Zooming fuel prices too costly for many

Chill: Evidence mounts that higher fuel prices are hurting low-income families.

February 14, 2003|By Dan Thanh Dang | Dan Thanh Dang,SUN STAFF

It's only February, and Xavier Reed has already racked up $8,000 in unpaid heating bills.

Except, the debt isn't his. It's his customers'.

As winter temperatures keep dropping and fuel prices continue rising, the owner of Can-Do Fuel Oil Co. in West Baltimore sees no choice. Either give his longtime customers a temporary pass on paying for the heating oil they need to warm their homes this season, or leave hundreds of them in the cold.

He's willing to take the risk.

"Most of my customers are on the low-income side," said Reed, the second-generation owner of the family-run business on Baker Street.

"These are people who have been buying oil from me for years. They have to have oil. They have to have heat. Most of them have overspent their winter fuel budget. Do I turn them away? The situation is that people are going to be priced out of keeping warm."

Across the state and country, colder weather, higher demand, low inventories and uncertainty over major overseas oil suppliers have combined forces this year to hit people hard at home and at the gas pump.

Over the next several months, experts say, Marylanders and their neighbors should brace for increasingly volatile fuel prices as threats of war in the Middle East and the strike in Venezuela continue to cause sharp spikes in the price of oil.

The price of light sweet crude rose to a 26-month high yesterday on the New York Mercantile Exchange, reaching $36.40 per barrel.

The average retail price for regular gasoline rose for the ninth week in a row to a little over $1.60 per gallon, the highest price since June 2001, according to the U.S. Energy Information Administration.

Natural gas

Natural gas prices are creeping up as well. Although oil and natural gas markets are separate, the prices for the two tend to move together because they compete in the industrial and power generation sector, according to the Natural Gas Supply Association.

In this region, Baltimore Gas and Electric Co. is projecting a 30 percent to 40 percent increase in residential customers' heating bills for the entire winter. That translates to an additional $140 to $150 per customer for the entire heating season from November to March.

Few are blaming price gouging on this season's misery, unlike two years ago when energy companies were accused of taking advantage of the power crisis in the West. Instead, experts say you can blame the poor economy and current events.

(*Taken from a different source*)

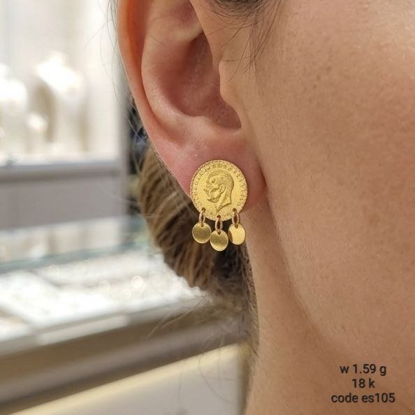 حلق ذهب عيار 18 بتصميم عصري وأنيق، يضفي لمسة من الفخامة والجمال على إطلالتكِ. مثالي لجميع المناسبات.

"It's really a sticker shock for customers," said John C. Felmy, the chief economist for the American Petroleum Institute. "It depends on three factors. What happens with Venezuela? What happens with Iraq? What happens with the weather? The prices could get better. They could get worse. It's anybody's guess."

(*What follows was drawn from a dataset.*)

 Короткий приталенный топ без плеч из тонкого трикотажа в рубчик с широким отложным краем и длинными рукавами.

All it means is that to cut down on fuel costs this winter, people will have to turn the thermostat down a notch or two, put on a sweater, throw a couple of more blankets on at night and maybe fill up the car with regular instead of premium gasoline.

For Janette Penn, it meant loading up her Toyota Camry with Amoco's $1.69 per gallon mid-grade gas instead of premium, which was selling for $1.73 at the Orleans Street station.

It's only a 4-cent difference, but every little bit counts, especially since the heating bill for her Northeast Baltimore apartment shot up 47 percent last month.

"It used to cost me $13 to fill up my car, now it's $20," said Penn, 43, an insurance claims processor who also holds a part-time catering job.

"My natural gas bill used to be $75. Now it's $110. I'm single. I work two jobs just to get ahead. Now, I'm just trying to maintain.

"What can you do? You have to get to and from. You have to have heat. There's no way around it."

That's exactly what advocates for the poor are worried about. Although heating bills haven't soared the way they did in 2001 when natural gas prices doubled and tripled, groups such as the Fuel Fund of Maryland are concerned that large-scale utility service terminations could come in the spring if low-income customers can't pay their winter heating bills.

And high prices aren't just hurting the poor, said executive director Mary Ellen Vanni. They are also taking a toll on middle-income families that usually donate to the fuel fund.

"Some people have already called us this year and said they can't give to us because the cost of their own fuel bill has increased," Vanni said.

"We've also got families coming back for help a second time, and that does make it difficult because it's supposed to be a one-time grant. But people are finding themselves in extreme need.

"We're worried that a lot of these people could get shut off by spring time."

State energy agencies have also been hitting the streets since November to urge low-income residents to apply for assistance.